Mentoring and guidance
Sponsored by Absa and Distell, one of the most significant aspects of the programme is the ongoing support and mentoring from USB MBA graduates offered to participants after completing the programme, said SBA head Dr Armand Bam.
“Many SME development programmes do not deliver sustainable results, because participants leave with a certificate but no ongoing support in putting what they have learned into practice.
“We believe the ‘after care’ delivered by our SBA Growth Initiative, with additional mentoring and support in implementing business plans, is what sets the Small Business Academy apart – and it shows in the track record of the number of participants maintaining successful businesses in the eight years since the programme was launched, some of them now participating in the programme as mentors,” Dr Bam said.

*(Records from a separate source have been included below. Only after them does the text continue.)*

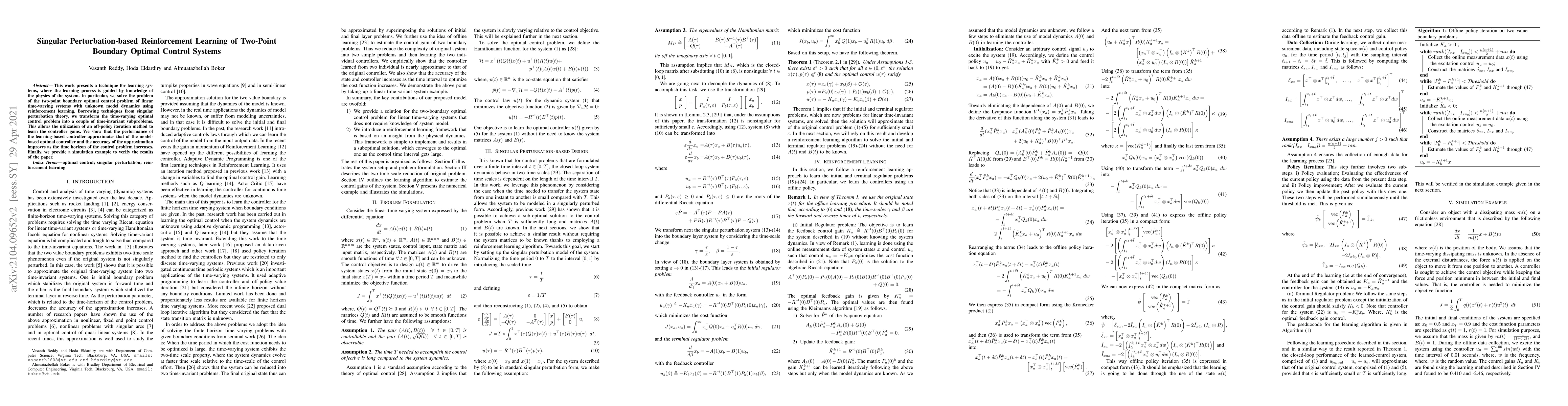 This paper develops a reinforcement learning approach to solve the two-point boundary optimal control problem for linear time-varying systems with unknown dynamics, leveraging singular perturbation theory to simplify the problem. The method approximates the performance of a model-based optimal controller, with accuracy improving over longer time horizons.
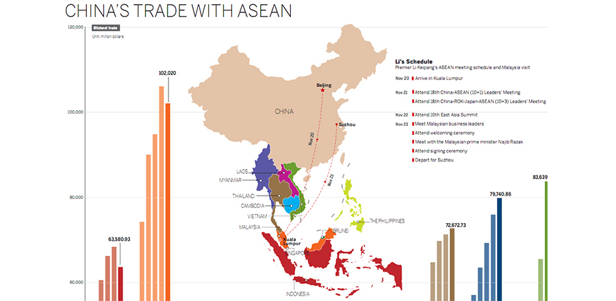 Editor's note: From poverty reduction and railway construction projects to political and trade cooperation, relations between China and the Association of Southeast Asian Nations have developed rapidly. China Daily looks back at the milestones along the road to regional prosperity as Premier Li Keqiang attends a series of meetings in Kuala Lumpur.
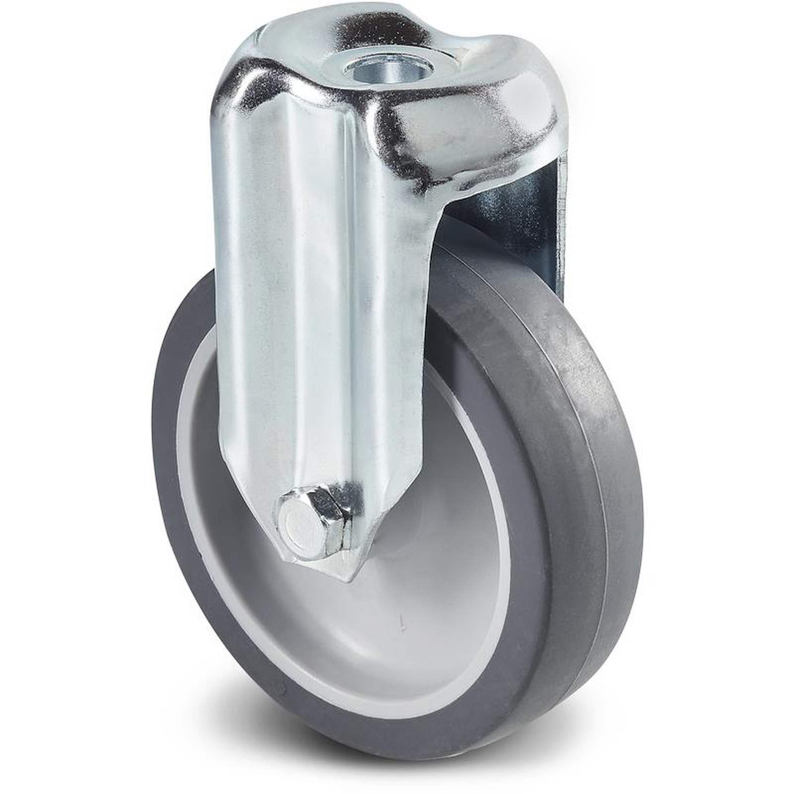 POLYPROPYLENE / RUBBER WHEEL WITH RIGID STEEL FORK AND SMOOTH THROUGH BORE
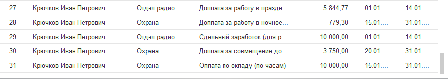 Крючков И.П., работал рабочим в отделе радиооборудования со сдельной оплатой до 15.01. (размер сдельной оплаты введен при приеме на работу, выработка – документом «Данные для расчета зарплаты»). Доплата за работу в праздники сформирована, т.к. графиком Сменный 2/2 А введено значение времени работы в праздники. После сотрудник был переведен охранником на оклад по часам (назначен при переводе) и график Сменный 24ч. Доплата за работу ночью сформирована, т.к. графиком Сменный 24ч. введено время работы ночью. Доплата за совмещение назначена отдельным приказом.
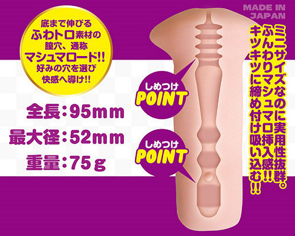 刺激系・緩穴系・狭穴系、3つの異なる内部形状を、ふわトロ素材で手軽に楽しめるミニオナホの決定版!底まで伸びるふわトロ素材の膣穴、通称『マシュマロード』射精感抜群な好みの穴を選び快感へ導け!最も狭穴のアユミはキュっと締まった膣道で竿全体を絞り上げて奥まで吸い込み射精を促す!●高品質な純国産●非貫通タイプ●専用ローション付き |
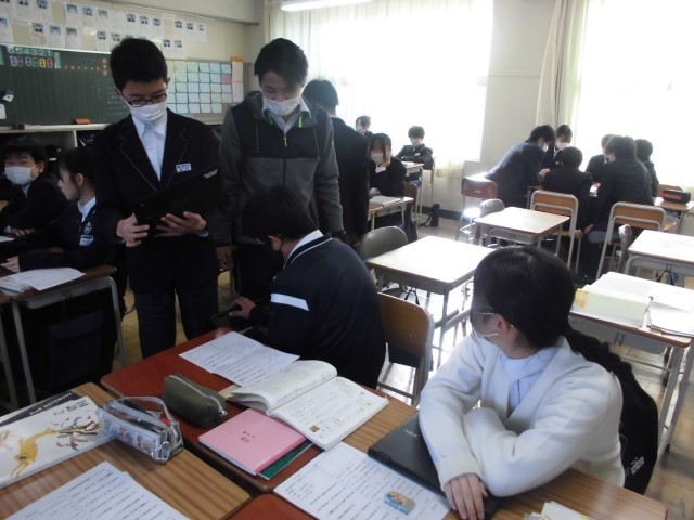 国語では、仁和寺にある法師についてスライドにまとめるグループ活動をしました。英語では、ALTの先生とアクティビティを行い、グループごとに英語で話し合い、お題にそった表現を行いました。級友と協力し合い、学習に取り組む姿がとても素敵です。
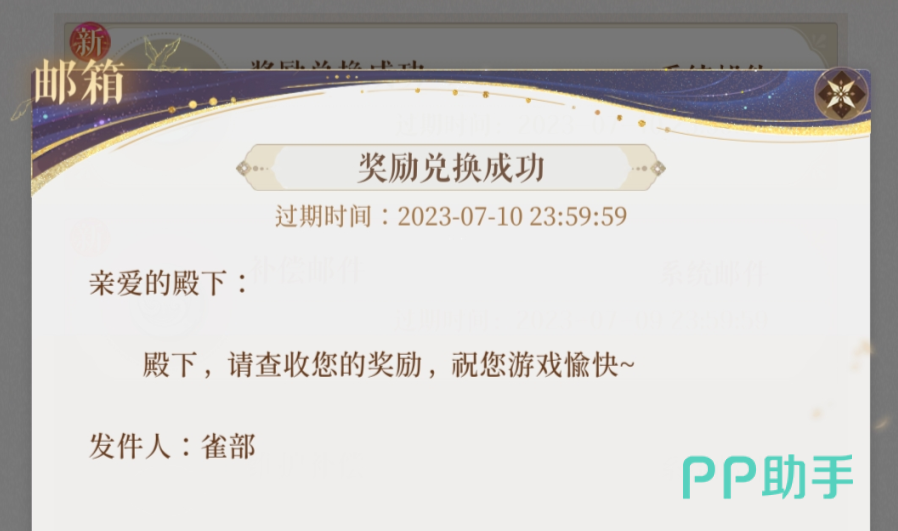 至此,就顺利兑换成功了,值得一提的是兑换完之后奖励会给到邮箱里,而且大多数邮件是有存储期限的,建议是领了就直接快速用来,以免忘记过期了。

The SBA has trained more than 307 entrepreneurs to date, in the Western Cape as well as in the Joe Gqabi district of the Eastern Cape in partnership with the municipality’s development agency.

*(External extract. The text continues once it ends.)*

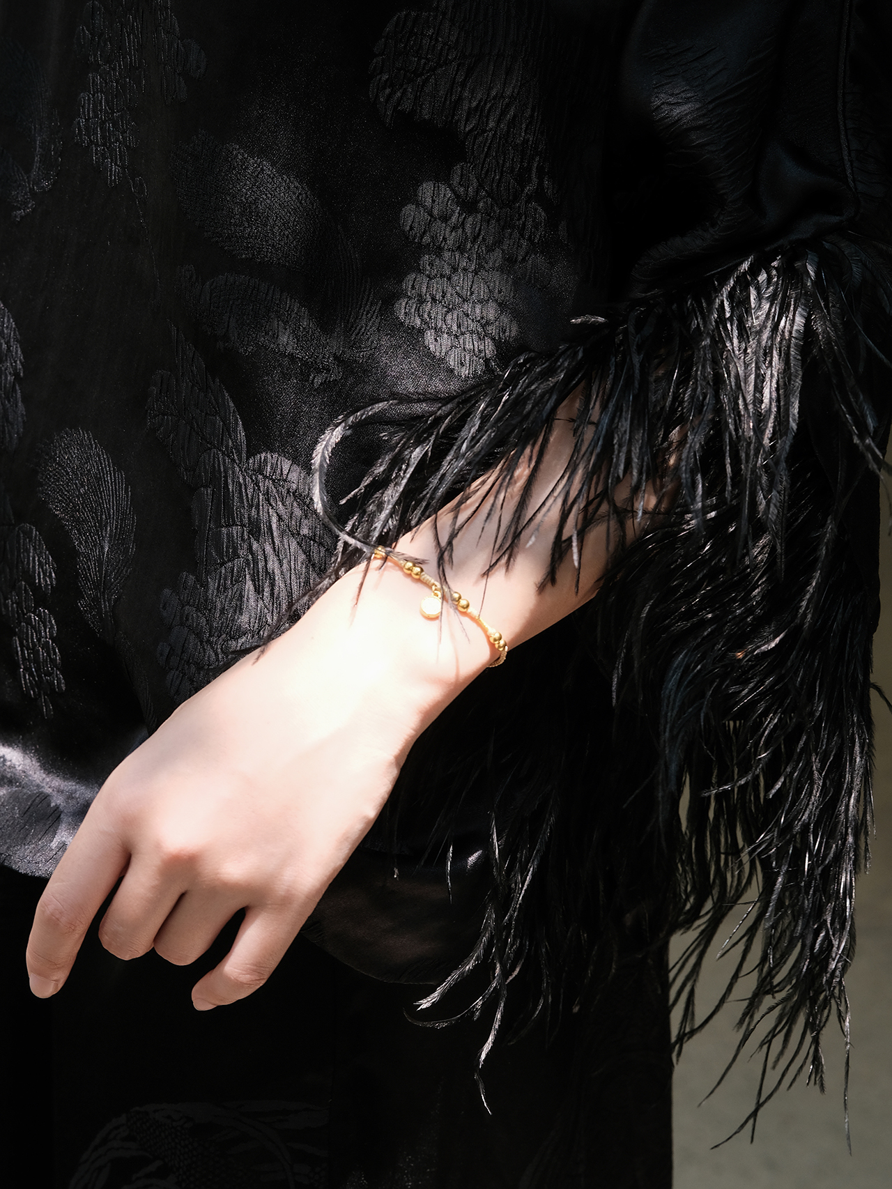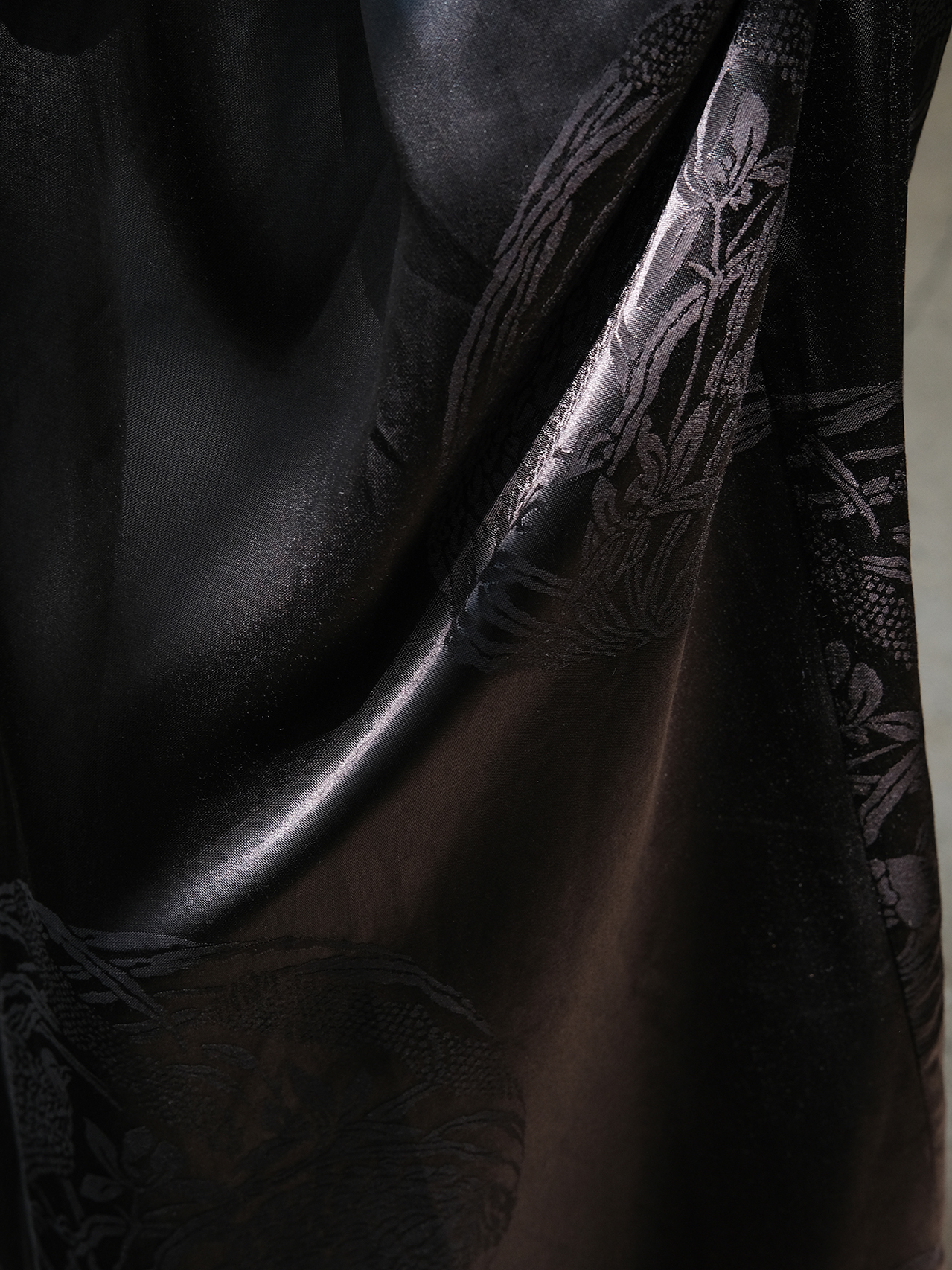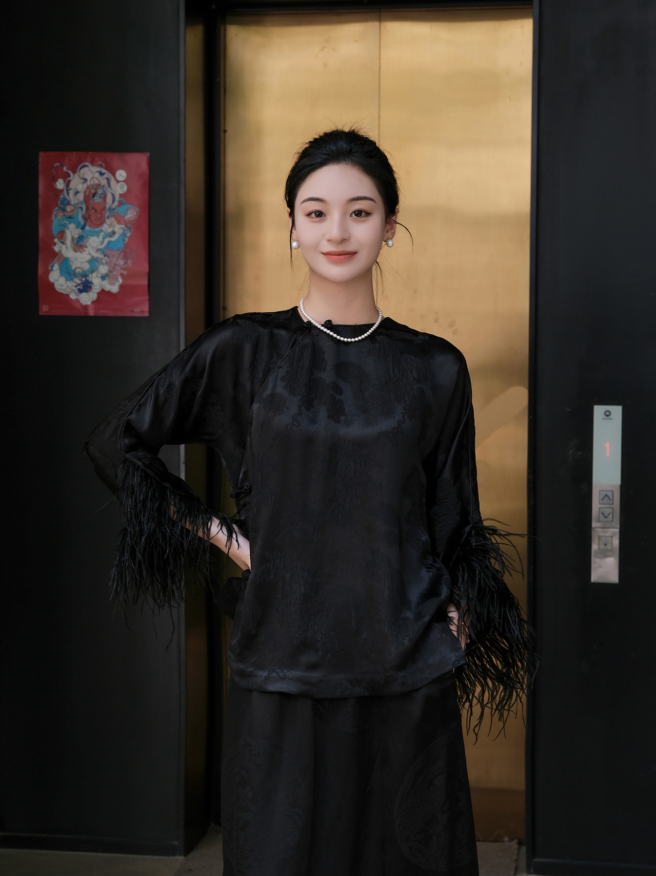盛唐牡丹 |黑色冠乐绉斜襟上衣

Dr Bam said Williams’ success showed the power of involving the public, private and education sectors in SME development, “and the importance for SME development and growth of obtaining not only funding for plant and equipment, but also training and development in business skills”.
It all started in his backyard
From his backyard start-up in Kylemore, Williams’ Herbal View Hydroponics is now a three-tonne-per-month business on a farm in the Lynedoch area of Stellenbosch. He employs six people, including his business partner, sister Caroline Williams and Elroy Daniels. They grow and supply herbs such as basil, coriander, rocket, mint, chives, oregano, thyme and rosemary, as well as micro herbs, garlic and baby spinach.
Some 70% of the harvest is now processed for Herbal View’s range of condiments and herbs and spices. The balance is packaged and supplied as fresh herbs and micro herbs to wholesalers, independent outlets and national retail chains including fresh produce suppliers SPAR and Food Lovers’ Market.
He also supplies Boland restaurants and delis with fresh products, as well as raw ingredients to manufacturers of herb-based products like Ina Paarman and Pesto Princess.
In May this year, Williams won the Team Player award in the SAB Foundation’s Tholoana Enterprise Programme which offers business support, business development and assistance with access to markets.
Herbal View Hydroponics employs cutting-edge hydroponic technology to grow and deliver product all year round and uses organic-certified and natural sprays to control pests, while the processed products contain no preservatives and Williams has full traceability on all his seeds and ingredients.
Williams is passionate about empowering others, often mentoring other developing farmers, and he is involved in setting up a community processing plant in Kylemore to support emerging farmers to move into value-adding agro-processing.
With the business planning support provided by the SBA, Williams’ aim now is to create more local jobs and expand into national distribution, followed by exports in 2022. He is currently sourcing funding and support for his plans to expand into a five-hectare farm and processing plant.
No path free of obstacles
His journey has not been without obstacles – after expanding to new premises in Pniel in 2007, with support from the Western Cape department of agriculture, a storm wiped out his tunnel structures. Undeterred, he went back to government for assistance in leasing a more suitable piece of land and was able to erect two tunnels as well as acquire a vehicle to transport the produce.
Access to farmland has been, and continues to be, his biggest challenge but, says Williams, that has not stopped him and “with the help and support from different support programmes I have learned a lot and always came out stronger on the other side”.
“My advice to entrepreneurs and start-up businesses would be to let your passion drive you. Work hard, and never give up no matter the challenges – if you fall, get up and keep moving. Always keep exploring, take on every opportunity and always be willing to learn from others.”